Assurance sur la mort

Assurance sur la mort
Titre original:Assurance sur la mort
Réalisateur:Billy Wilder
Sortie:Cinéma
Durée:107 minutes
Date:31 juillet 1946
Note:
En pleine nuit, une voiture finit sa course folle à travers les rues de Los Angeles devant une tour de bureaux. Un homme descend et monte, titubant, jusqu'à l'étage de sa société d'assurance. Il s'assied au bureau de son collègue, le vérificateur des demandes de dédommagement, et il raconte au dictaphone l'histoire sombre qui l'a emmené jusque là. Une histoire d'escroquerie, de trahison et de meurtre.

Critique de Tootpadu

Film noir par excellence, alors qu'on n'y trouve ni policier, ni détective privé, ce petit chef-d'oeuvre du début de la carrière de Billy Wilder séduit par sa sobriété et sa cruauté humaine. Comme un exercice avant l'accomplissement du Boulevard du crépuscule, les personnages sont dépourvus ici de toute noblesse, au mieux des méfiants à l'estomac soumis au stress du travail (Keyes), au pire des êtres froids et calculateurs qui, tel des sangsues, grimpent les échelons de l'hiérarchie sociale (Phyllis). Les parallèles ne s'arrêtent d'ailleurs pas là, puisque, du début de la course de voiture, en passant par la voix-off d'un homme mourant, voire mort, jusqu'au pouvoir de séduction d'une femme énigmatique et manipulatrice, les points communs abondent. Bien que notre préférence personnelle se porte plutôt sur le Boulevard, ce film antérieur comporte déjà une force et un désenchantement suffisamment mordants pour être considéré comme un des sommets du genre.
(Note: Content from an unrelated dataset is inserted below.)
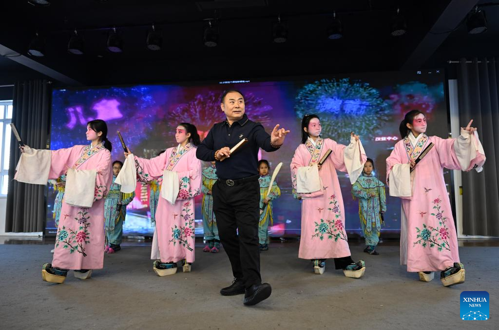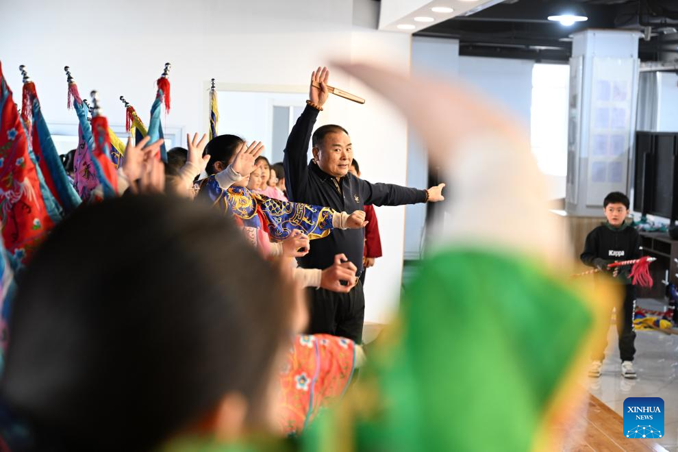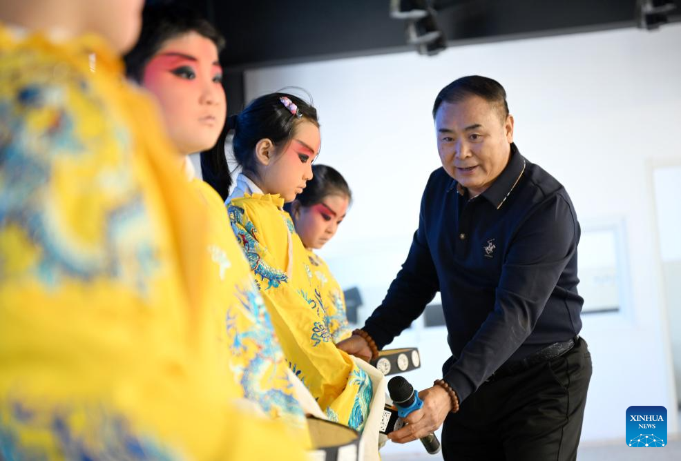 Provincial-level inheritor of traditional Baoding Laodiao opera Du Zhenzhong teaches students at a school in Baoding, north China's Hebei Province, Dec. 27, 2023. In recent years, activities related to operas were introduced to the campus life in Lianchi district of Baoding City, offering local students opportunities to feel and inherit the traditional culture. (Xinhua/Jin Liangkuai)

En dehors de son caractère sobre, sans fioriture, la maîtrise du temps intrigue comme un des éléments majeurs de la mise en scène. Pendant la première partie, on se trouve alors presque rebuté par la lenteur du récit et par son ennui trompeur. Trompeur, car la préparation du crime et son exécution ont construit la base pour le suspense et les revirements prodigieux qui ont lieu au cours de la deuxième partie. Une fois la mécanique des suspicions mise en marche, elle ne s'arrête plus jusqu'au dénouement certes prévisible - puisque tout le film n'est qu'un long retour en arrière - mais d'autant plus touchant dans son premier et ultime sursaut d'humanité.
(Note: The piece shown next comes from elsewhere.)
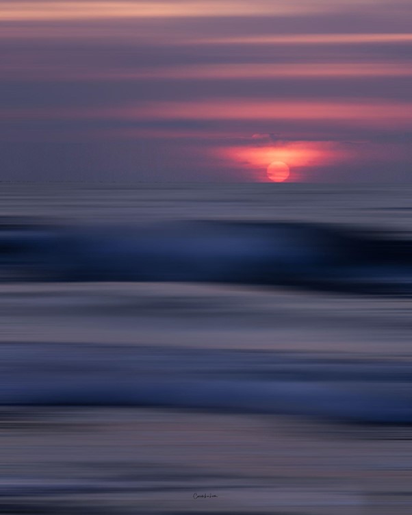 Mare con cui l’artista dichiara di avere un rapporto intimo e solitario, ma non necessariamente bello. “Il mare non ha pietà, ogni volta che mi approccio a esso è come se aspettassi di essere accettato per poterlo fotografare”. E le foto sono l’espressione di un percorso di solitudine, ricercata e necessaria, in cui “il mare ti fa capire chi sei, come in un atto meditativo”, una continua ricerca di essenzialità, che non si limita a guardare l’orizzonte ma cerca di vedere oltre, verso l’immenso, l’infinito.

Comme il se doit pour un bon film noir, la photo tire le meilleur parti des jeux entre le clair/obscur, et le scénario, écrit par Wilder et Raymond Chandler, bien qu'il soit adapté d'un roman de James M. Cain (Le Facteur sonne toujours deux fois), augmente très savamment la tension, tout en gardant un certain sens de l'humour, évidemment noir, dans les dialogues. Fred MacMurray livre probablement ici une de ses meilleures interprétations, loin de ses rôles comiques habituels, avec un jeu très sobre qui traduit bien la médiocrité profonde de son personnage. Barbara Stanwyck est parfaite en femme fatale, même si son rôle n'est pas si important que cela, au moins en termes de durée et d'impact direct. Et Edward G. Robinson fournit le seul point d'ancrage positif - à l'exception de la blonde et naïve Lola -, en dépit d'un jeu parfois excessif.